Features and requirements

  • Features and requirements describe the app and the characteristics or attributes it must provide to meet the users’ needs (ie, its information content, functionality, usability, security, privacy, and performance). The indications, performance features, and app options may differ for different generations or versions of an app. Important features and requirements topics include app description, claimed benefits, care level of use, reference values, or cutoff points used [28, 66]. A clear description of the app is important as, in rapidly evolving fields, even small changes or improvements to an app can have large impacts on its use and benefits. The description should enable those who are not familiar with the app to understand what it does, how it works, and how it can be used..

  • Evidence-based content describes information, subject matter, and data content made available by the app based on the best available scientific knowledge and clinical expertise [67].

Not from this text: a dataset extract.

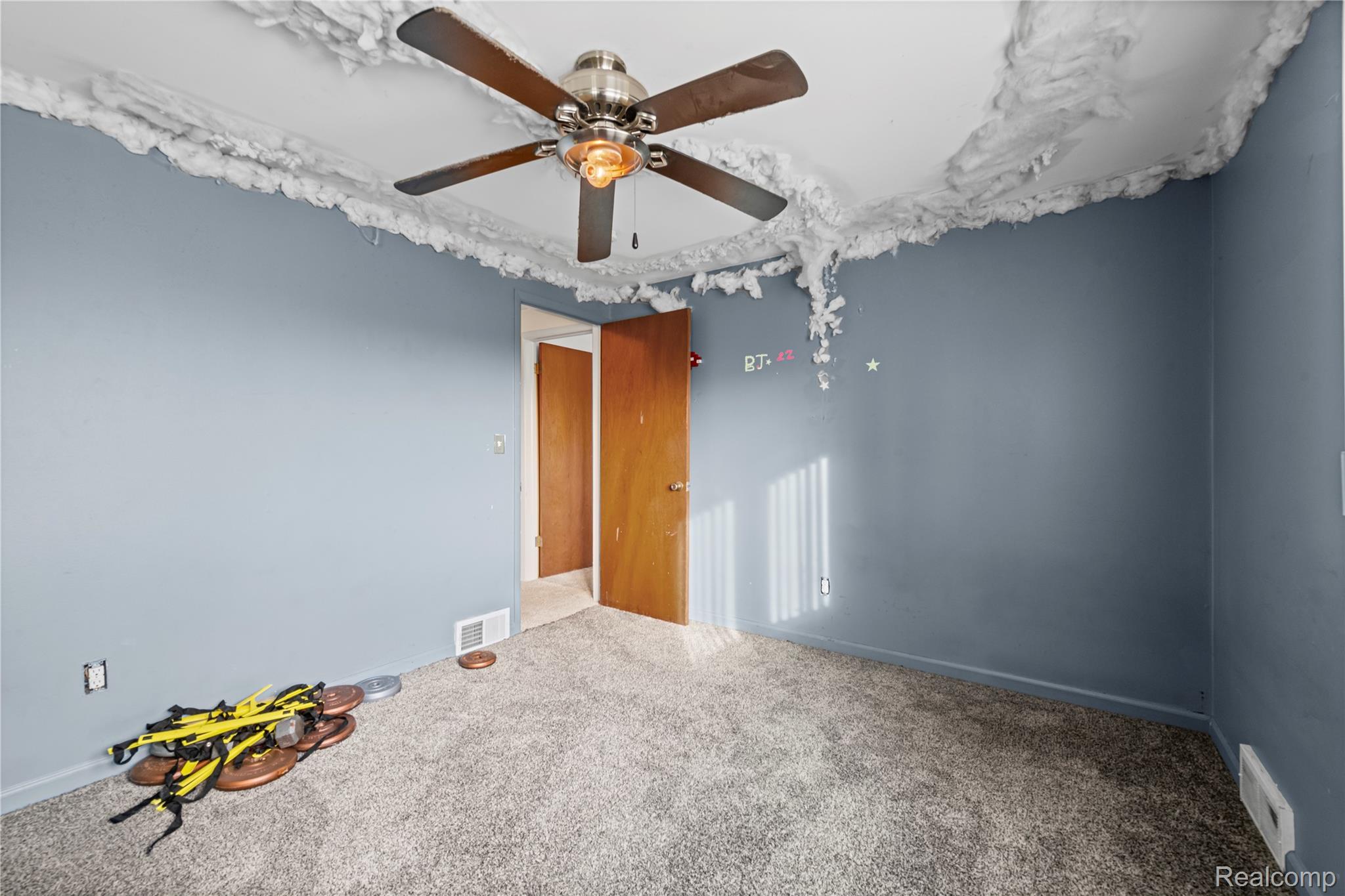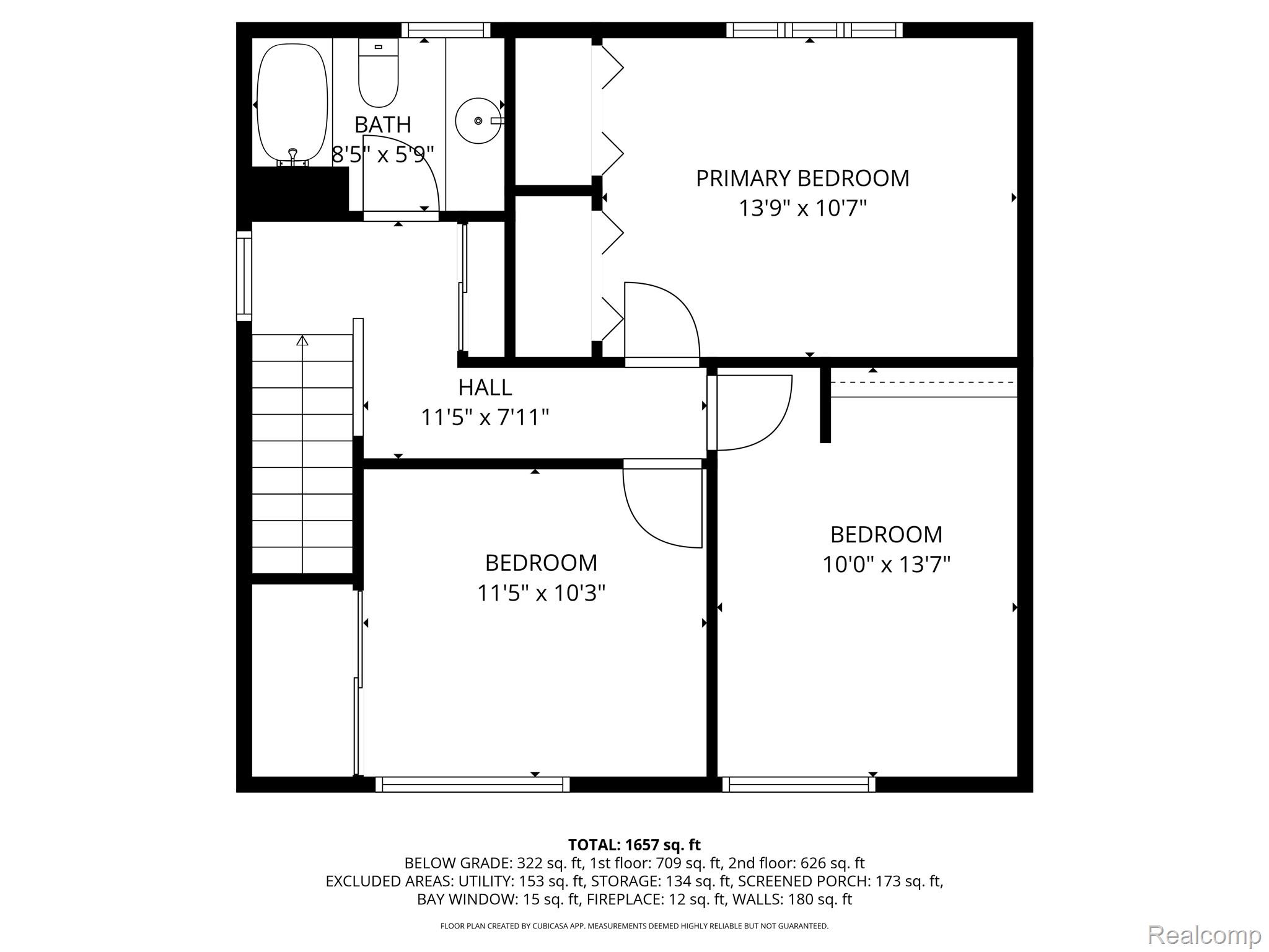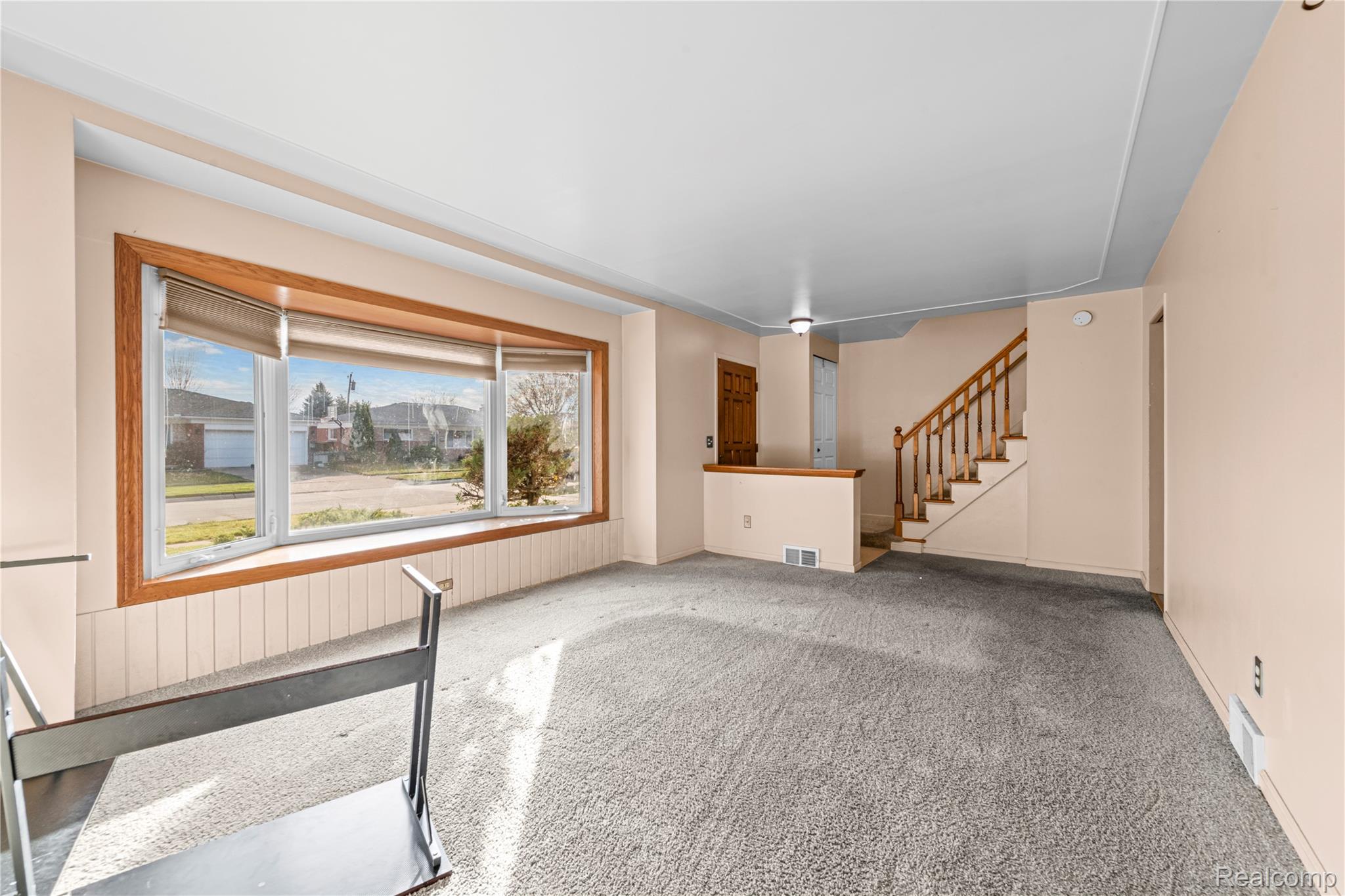 * Newer plush carpet upstairs, Living room with bay window and hardwood floors.
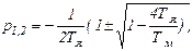 Решение (4.24) найдем в виде w = wсв + wпр = где А1, А2 – постоянные, определяемые по начальным условиям w ½ t=0 и p1, p2 – корни характеристического уравнения 1 + Тмр + ТмТяр2 = 0. (D) Решив (D), получим

  • Functionality describes the properties or functional requirements that affect the app’s use (ie, its features, components, and usefulness). In the context of self-monitoring, there are specific requirements related to design issues, particularly those concerning wearable technologies, as well as requirements regarding the behavioral aspects that are part of the design. These requirements need to be considered when evaluating a product or system for self-monitoring. The functionality information is intended to summarize the app’s overall suitability for use in a particular situation [38,68,69].

  • Usability, privacy, and security are nonfunctional requirements (ie, they deal with how the system should operate in terms of usability, security, privacy, design, modularity, modifiability, reliability, availability, portability, and operability).

    Usability describes the extent to which an app can be used by its target users to achieve its intended goals effectively, efficiently, and satisfactorily. Ideally, an app should be easy to use, easy to learn, and easy to understand [70].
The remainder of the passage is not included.